### RECORDS FOR THIS EXERCISE

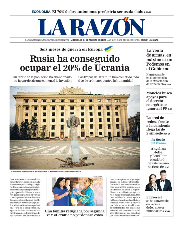 LA RAZÓN: "Rusia ha conseguido ocupar el 20% de Ucrania"; "La venta de armas, en máximos con Podemos en el Gobierno"; "Moncloa busca apoyos para el decreto energético e ignora al PP"; "La red de redes frente a la pandemia llega tarde y sin sede".
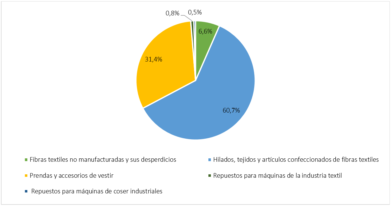 De acuerdo con la ONEI, el sector fabrica productos textiles y prendas de vestir. Dentro de los primeros se encuentran las hilazas y tejidos de algodón; tejidos de fibras sintéticas; sogas, cordeles e hilos de henequén; sacos de kenaf; colchones, colchonetas y sábanas; mientras que las segundas incluyen ropa interior y exterior, como camisas, pantalones, sayas y vestidos.
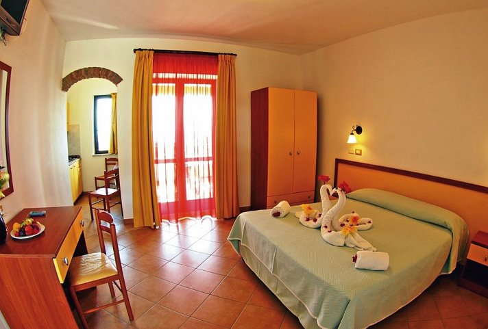 Eine Residenz im Grünen mit wunderschönem Meerblick. Genießen Sie den Ausblick von der Terrasse Ihres Apartments. Die Strände des Capo Vaticano liegen ganz in der Nähe.
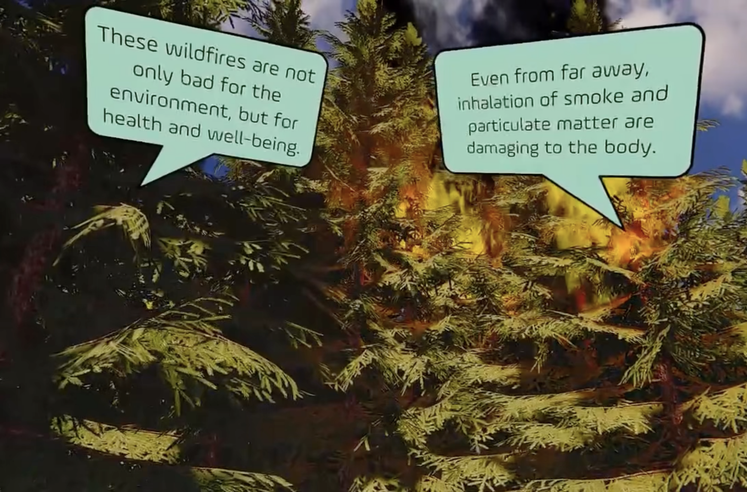 Wildfire VR is an educational tool to teach any audience about wildfires as their severity ramps up each year with the effects of climate change drastically increasing. The experience takes the user through an ongoing wildfire on an island. Whilst educating the user with prompted questions and facts, they are free to follow the wildfire or explore the terrain. This virtual reality experience is a project prototype created as part of a larger project for prof. Michael Page in the PHASE Lab.
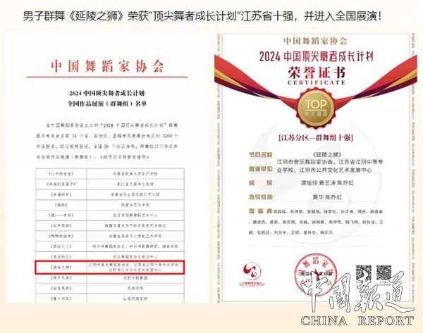 中国报道讯(吴蜀丰 通讯员牟孙涛)日前,由江阴市公共文化艺术发展中心、江苏省江阴中等专业学校、江阴市祝塘镇教育文体科共同创排、江阴市音乐舞蹈家协会选送的男子群舞《延陵之狮》获“顶尖舞者成长计划”江苏省十强并进入全国展演。
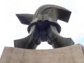 Palog borca oplakuje anđeoska figura, ispod je veliki reljef sa masovnim prizorom, sa druge strane su ploče sa posvetom i imenima.

######

AIM OF THE TASK: Write out all the entries word for word, but skip any images.

TASK RESPONSE:
 LA RAZÓN: "Rusia ha conseguido ocupar el 20% de Ucrania"; "La venta de armas, en máximos con Podemos en el Gobierno"; "Moncloa busca apoyos para el decreto energético e ignora al PP"; "La red de redes frente a la pandemia llega tarde y sin sede".
 De acuerdo con la ONEI, el sector fabrica productos textiles y prendas de vestir. Dentro de los primeros se encuentran las hilazas y tejidos de algodón; tejidos de fibras sintéticas; sogas, cordeles e hilos de henequén; sacos de kenaf; colchones, colchonetas y sábanas; mientras que las segundas incluyen ropa interior y exterior, como camisas, pantalones, sayas y vestidos.
 Eine Residenz im Grünen mit wunderschönem Meerblick. Genießen Sie den Ausblick von der Terrasse Ihres Apartments. Die Strände des Capo Vaticano liegen ganz in der Nähe.
 Wildfire VR is an educational tool to teach any audience about wildfires as their severity ramps up each year with the effects of climate change drastically increasing. The experience takes the user through an ongoing wildfire on an island. Whilst educating the user with prompted questions and facts, they are free to follow the wildfire or explore the terrain. This virtual reality experience is a project prototype created as part of a larger project for prof. Michael Page in the PHASE Lab.
 中国报道讯(吴蜀丰 通讯员牟孙涛)日前,由江阴市公共文化艺术发展中心、江苏省江阴中等专业学校、江阴市祝塘镇教育文体科共同创排、江阴市音乐舞蹈家协会选送的男子群舞《延陵之狮》获“顶尖舞者成长计划”江苏省十强并进入全国展演。
 Palog borca oplakuje anđeoska figura, ispod je veliki reljef sa masovnim prizorom, sa druge strane su ploče sa posvetom i imenima.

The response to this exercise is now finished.